*** Opening Supplied data ***

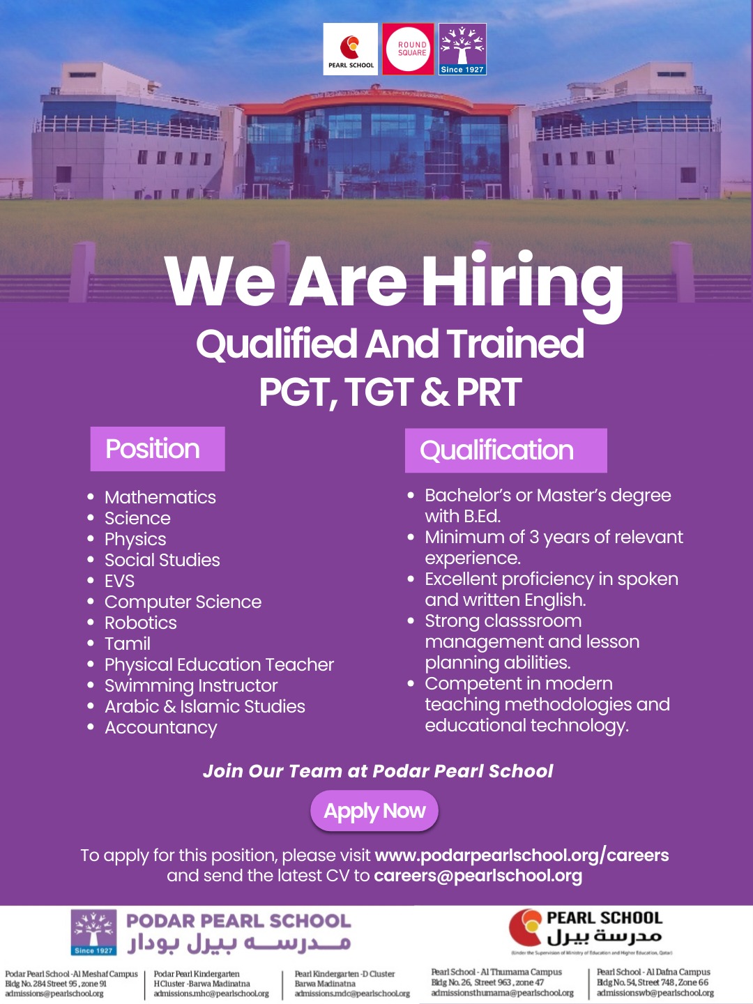 Careers If you are an educator with a dream and passion for nurturing students, then you should pursue a career with us We are Hiring!! - Click to know more! To Register/login use Candidate Login screen or click on the link below Register/Login
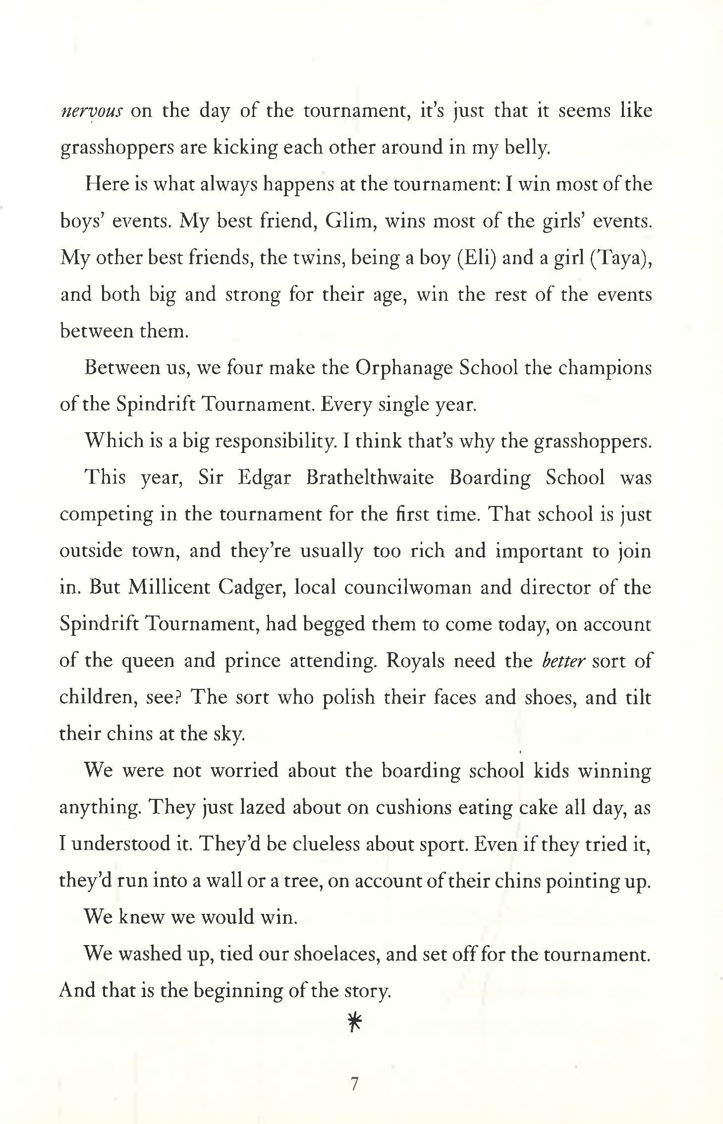 The town of Spindrift is frequented by pirates, Shadow Mages and charlatans. It's also home to the Orphanage School, where Finlay lives with Glim, Taya and Eli. Just outside town is the painfully posh Brathelthwaite Boarding School, home to Honey Bee, Hamish and Victor, Duke of Ainsley. When the two schools compete at the Spindrift Tournament, stakes are high, tensions are higher, and some people are out to win at any cost. Before long, the orphans and the boarding school are in an all-out war.
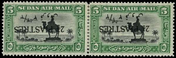 1935 2½p on 5m black and green horizontal pair with surcharge inverted, the right stamp showing small ‘½’. Perforations between the stamps sensibly reinforced. Very rare. especially in a multiple. Ex William Frazer. SG 70c, e, £5500
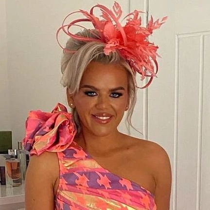 Dayna chose this fabulous Coral fascinator to complete her stunning outfit for a recent trip to the races.
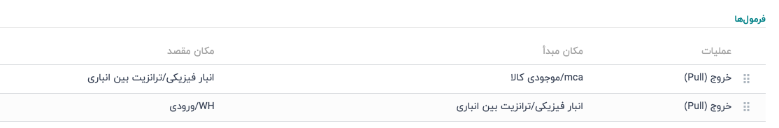 - ورود و خروج (Pull & Push): این قانون اجازه میدهد برداشتها در هر دو حالت ایجاد شوند. به این معنی که وقتی محصولاتی در مکان خاصی مورد نیاز هستند، یک انتقال از مکان قبلی ایجاد میشود تا نیاز را برآورده کند. این عمل یک نیاز در مکان قبلی ایجاد میکند و قانونی فعال میشود تا آن را برآورده کند. هنگامی که نیاز دوم برآورده شد، محصولات به مکان مقصد هل داده میشوند.

*** Closing Supplied data ***

### What this task involves
Return all material verbatim, pictures omitted.

### Output for this task
 Careers If you are an educator with a dream and passion for nurturing students, then you should pursue a career with us We are Hiring!! - Click to know more! To Register/login use Candidate Login screen or click on the link below Register/Login
 The town of Spindrift is frequented by pirates, Shadow Mages and charlatans. It's also home to the Orphanage School, where Finlay lives with Glim, Taya and Eli. Just outside town is the painfully posh Brathelthwaite Boarding School, home to Honey Bee, Hamish and Victor, Duke of Ainsley. When the two schools compete at the Spindrift Tournament, stakes are high, tensions are higher, and some people are out to win at any cost. Before long, the orphans and the boarding school are in an all-out war.
 1935 2½p on 5m black and green horizontal pair with surcharge inverted, the right stamp showing small ‘½’. Perforations between the stamps sensibly reinforced. Very rare. especially in a multiple. Ex William Frazer. SG 70c, e, £5500
 Dayna chose this fabulous Coral fascinator to complete her stunning outfit for a recent trip to the races.
 - ورود و خروج (Pull & Push): این قانون اجازه میدهد برداشتها در هر دو حالت ایجاد شوند. به این معنی که وقتی محصولاتی در مکان خاصی مورد نیاز هستند، یک انتقال از مکان قبلی ایجاد میشود تا نیاز را برآورده کند. این عمل یک نیاز در مکان قبلی ایجاد میکند و قانونی فعال میشود تا آن را برآورده کند. هنگامی که نیاز دوم برآورده شد، محصولات به مکان مقصد هل داده میشوند.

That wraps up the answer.